# A Problem



## tyringtomakeit (Jan 17, 2013)

Hi! I am just looking to see if anybody has been in the situation that I find myself. My husband and I decided to try a different lifestyle with our sex life. I won't say we are an open marriage or totally swingers but it's kind like that. We met a couple that had an open marriage and became fast friends and started swapping. It's been a lot of fun and has been going on for sometime where we swap 1-2 times a week ususally. I guess you can say that we have been exclusive with this couple and it's given us the openness and excitement that we all were looking for. 

So the problem...I just found out I'm pregnant! I want to be excited about this new life growing in me but the consequences are what's keeping me from being so. 

My husband has had a vasectomy. So I know that it's not his. I have told everybody that's involved. And we are trying to decide what to do. Abortion is not an option for me...this baby did nothing wrong and I couldn't do that. I'd like for us to work out a situation where everybody can be involved (kinda like a divorced couple does with kids) I'm not sure I could give up the baby if asked to do so. My husband is trying to be supportive but it's a lot to take in and ask of him. And the other wife is being supportive as she can be as well...she's excited at time and depressed at times. I feel like this is all my fault and yes condoms were always used!! 

Any advice would be appreciated! If someone else has been in this situation please help. We each have children too.


----------



## The Middleman (Apr 30, 2012)

A marriage is between 2 people, not four and I can see a lot of resentment being built up between the two couples after the child is born. The fun and the games are now over. Child support issues, raising the child issues, visitation issues the problems go on and on. This situation is bad from end to end. My feeling is that this situation could ultimately end your marriage. While I'm not a fan of abortion either, it may be your only good option and you should give it serious consideration. The other thing you need to do is stop having sex with other men.


----------



## Emerald (Aug 2, 2012)

The Middleman said:


> A marriage is between 2 people, not four and I can see a lot of resentment being built up between the two couples after the child is born. The fun and the games are now over. Child support issues, raising the child issues, visitation issues the problems go on and on. This situation is bad from end to end. My feeling is that this situation could ultimately end your marriage. While I'm not a fan of abortion either, it may be your only good option and you should give it serious consideration. The other thing you need to do is stop having sex with other men.

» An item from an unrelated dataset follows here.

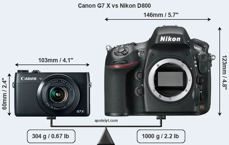 An illustration of the physical size and weight of the Canon G7 X and the Nikon D800 is provided in the side-by-side display below. The two cameras are presented according to their relative size. Three consecutive views from the front, the top, and the rear side are shown. All size dimensions are rounded to the nearest millimeter.

Another possibility is putting the baby up for adoption. This way the baby will be placed with a couple or single person that truly wants it & doesn't have the issues you posted about.


----------



## The Middleman (Apr 30, 2012)

Emerald said:


> Another possibility is putting the baby up for adoption. This way the baby will be placed with a couple or single person that truly wants it & doesn't have this issues you posted about.


Certainly that's another option


----------



## notperfectanymore (Mar 1, 2012)

Have your husband tested first. There IS a chance he has swimmers, although a small chance. I know two people who were "accidents" due to vasectomy. Not likely, but there IS a small chance.


----------



## KathyBatesel (Apr 26, 2012)

I have to agree with Middleman that this may end your marriage and definitely will introduce some issues about child support. 

You'll have to decide whether you're able to be committed to your child as a single person who doesn't get child support because this could be your worst case scenario.


----------



## Thoreau (Nov 12, 2012)

I love happy endings. 

I vote for adoption.
_Posted via Mobile Device_


----------



## The Middleman (Apr 30, 2012)

notperfectanymore said:


> Have your husband tested first. There IS a chance he has swimmers, although a small chance. I know two people who were "accidents" due to vasectomy. Not likely, but there IS a small chance.


I've had one 20 years ago after my daughter was born. Never had an accident.


----------



## BjornFree (Aug 16, 2012)

The Middleman said:


> I've had one 20 years ago after my daughter was born. Never had an accident.


I have had one and there has been no accident. But there is a possibility of a failed vasectomy. Have your husband tested? Based on the result you can have a paternity test done in utero. 

Word of advice:

Fvcked up decisions have fvcked up consequences.


----------



## tyringtomakeit (Jan 17, 2013)

I'm not aborting my baby or putting it up for adoption. Fortunately for me all things are going well! Baby is progressing. My husband is on board with having the baby and is moving forward with me. The father and his wife are both excited about us all sharing this experience together. God gave me this baby for a reason and tho I don't know what that is I'm going to stay on this path and find out. There are going to be 2 new mom's and 2 new dad's and 4 older brothers. I am going to welcome this new life with open arms. Everybody knows where I stand and I know where they stand and we all have been open and honest with each other from the beginning. WE have become great friends and now we have an even closer bond. I respect all of your own opinions and and advice...thank you! 

P.S. My husband and the baby will be tested just to be sure...never know.


----------



## Hope1964 (Sep 26, 2011)

Allrighty then. Good luck.


----------



## Toffer (Jan 31, 2012)

Can I make a guess here....West Coast?


----------



## Decorum (Sep 7, 2012)

If you truly want to secure this babys furure I suggest that you prove paternity, and ask the other man to give up ALL legal rights.
Talk to a lawyer!

So that you and your husband can adopt and raise the child as your own.

If you dont want to do this because you dont want to offend or lose the other couple than you are really not putting the baby first!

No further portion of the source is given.